Extracted records:
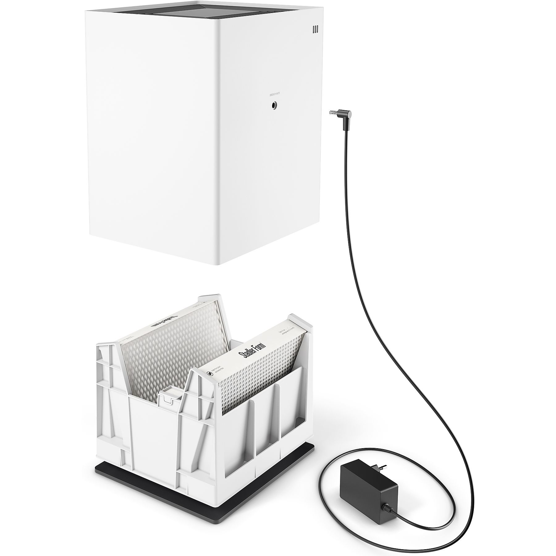 De Stadler Form Noah is een geavanceerde koudwater-luchtbevochtiger die volgens het natuurlijke verdampingsprincipe werkt en tot 800 ml vocht per uur aan de lucht toevoegt. Dankzij deze efficiënte technologie zorgt Noah voor een gezond en gelijkmatig binnenklimaat in ruimtes tot 110 m² / 275 m³, zonder risico op overbevochtiging of schimmelvorming. De zelfregulerende werking garandeert dat de lucht altijd precies zoveel vocht opneemt als nodig is bij de heersende temperatuur. Geïntegreerde digitale hygrostaat De geïntegreerde digitale hygrostaat maakt het mogelijk om de gewenste luchtvochtigheid nauwkeurig in te stellen. In de automatische modus verhoogt Noah snel de luchtvochtigheid en houdt deze vervolgens constant. Zodra het ingestelde niveau is bereikt, schakelt het apparaat automatisch uit om energie te besparen en hervat het de werking alleen wanneer dat nodig is. Met een laag energieverbruik van slechts 2–36 W is Noah bijzonder zuinig in dagelijks gebruik. Geïntegreerde geurcontainer Voor een extra gevoel van welzijn beschikt Noah over een geïntegreerde geurcontainer waarmee je eenvoudig een paar druppels van je favoriete essentiële olie kunt toevoegen. Zo verspreidt het apparaat een aangename geur samen met de bevochtigde lucht en creëer je een ontspannende en uitnodigende sfeer in huis. Touch-paneel of draadloos via Wi-Fi De bediening is flexibel en gebruiksvriendelijk: je kunt Noah rechtstreeks via het intuïtieve touch-paneel aansturen of draadloos via Wi-Fi met de speciale smartphone-app. Hiermee controleer je op elk moment de actuele luchtvochtigheid, het waterniveau en de status van het apparaat, en kun je zelfs op afstand de turbo-modus inschakelen zodat je thuiskomt in een optimaal binnenklimaat. Het waterreservoir van 3,6 liter kan eenvoudig tijdens gebruik worden bijgevuld via de handige zijopening met verlichting, of los worden gevuld onder de kraan. Noah is uitgerust met twee hoogwaardige verdampingsfilters die het water effectief zuiveren en bijdragen aan een hygiënische werking. Dankzij een geluidsniveau vanaf slechts 27 dB werkt Noah fluisterstil op de laagste stand en is hij ideaal voor gebruik in slaapkamers of kinderkamers. Voor een ongestoorde nachtrust kunnen het display en de LED-verlichting worden gedimd of volledig worden uitgeschakeld. De Stadler Form Noah combineert natuurlijke bevochtiging, slimme functies en modern design in één krachtig apparaat, de perfecte oplossing voor een comfortabel en gezond binnenklimaat, het hele jaar door.
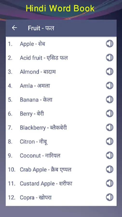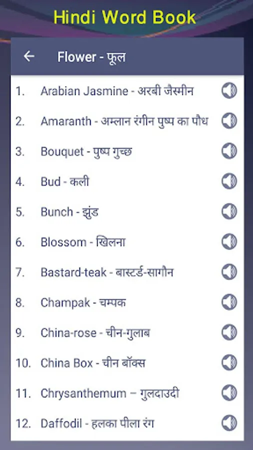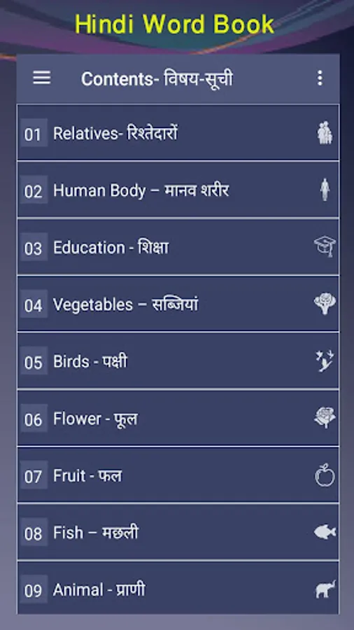 English to Hindi word book with sound button. You can learn them very easily. With the audio options all words has clear pronunciation and study them very easily. There is a pronunciation options on the app with that you can improve your speaking and listening of English
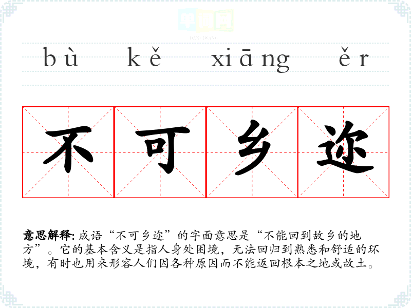 成语“不可乡迩”的字面意思是“不能回到故乡的地方”。它的基本含义是指人身处困境,无法回归到熟悉和舒适的环境,有时也用来形容人们因各种原因而不能返回根本之地或故土。
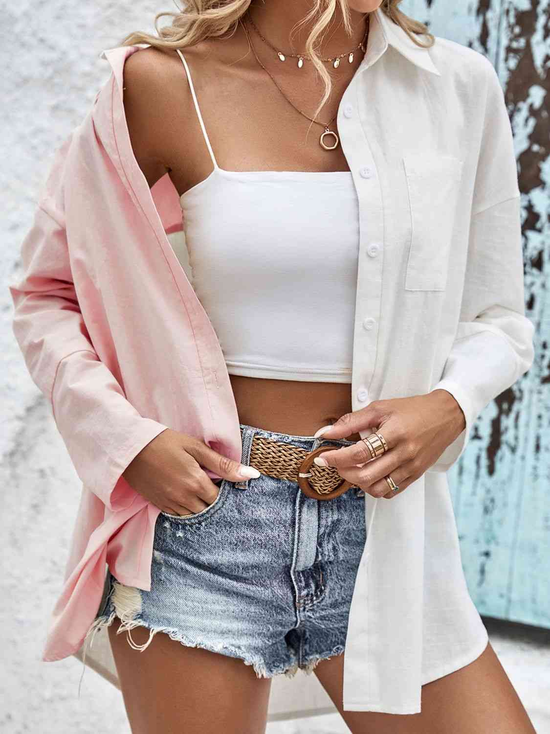 Two-Tone Contrast Drop Shoulder Shirt
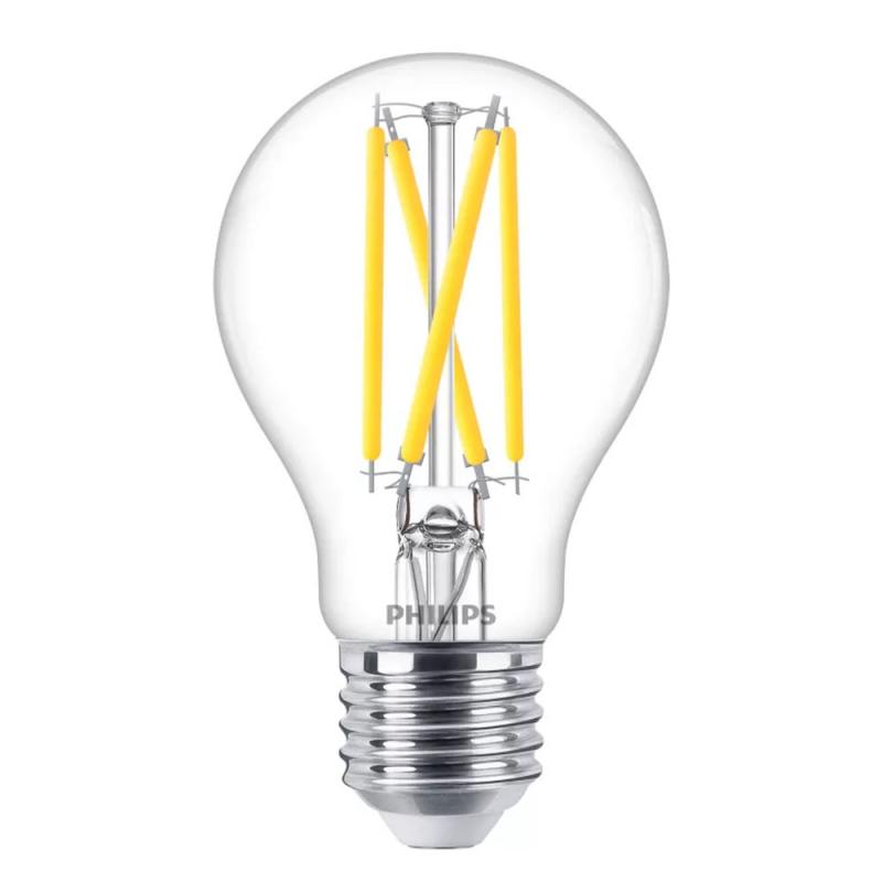 MASTER-Glühlampen DimTone Dimmeffekt dimmen wie die klassischen Glühlampen: Ihr Licht wird beim Dimmen wärmer (2700-2200K). Sie bieten außerdem erhebliche Energieeinsparungen, da sie im Vergleich zu normalen LED-Lampen 30 % weniger Energie verbrauchen. Mit einer Lebensdauer von 25.000 Stunden verringern diese dimmbaren Glas-LED-Lampen auch die Wartungskosten.
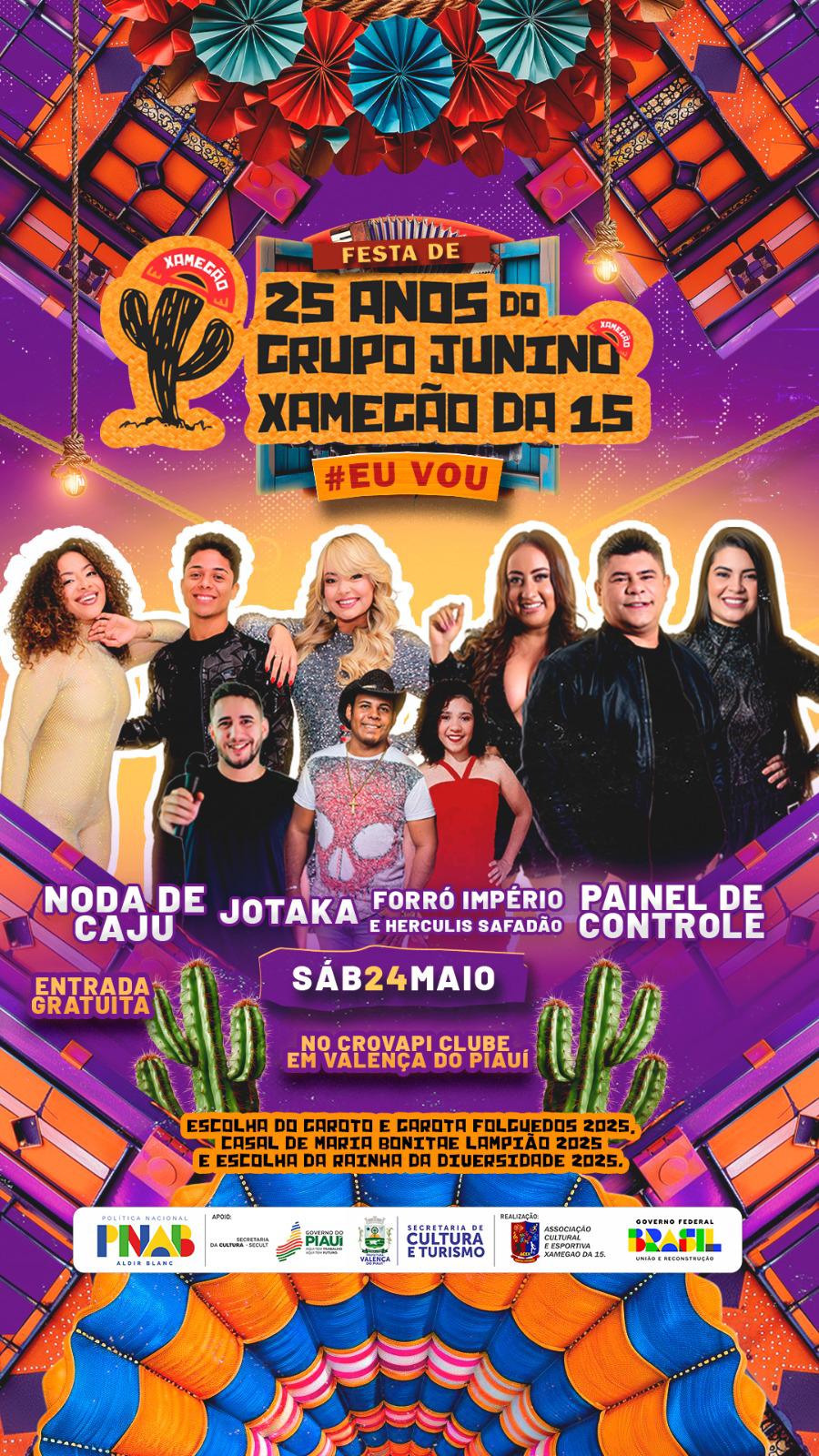 Sábado,24 de Maio de 2025, a Xamegão da 15 comemorará 24 anos, onde o Crovapi Clube será o palco principal para receber as bandas : Noda de Caju e JOTAKA, Hércules e Forró Império e por fim,a Banda Painel de Controle para arrastar todo público valenciano e de toda região valenciana.

Exercise instructions >> Starting at the line above that has "English to Hindi" and ending at the line that has "Two-Tone Contrast Drop Shoulder Shirt", copy each line exactly, leaving the pictures out and adding nothing.

Result >>
 English to Hindi word book with sound button. You can learn them very easily. With the audio options all words has clear pronunciation and study them very easily. There is a pronunciation options on the app with that you can improve your speaking and listening of English
 成语“不可乡迩”的字面意思是“不能回到故乡的地方”。它的基本含义是指人身处困境,无法回归到熟悉和舒适的环境,有时也用来形容人们因各种原因而不能返回根本之地或故土。
 Two-Tone Contrast Drop Shoulder Shirt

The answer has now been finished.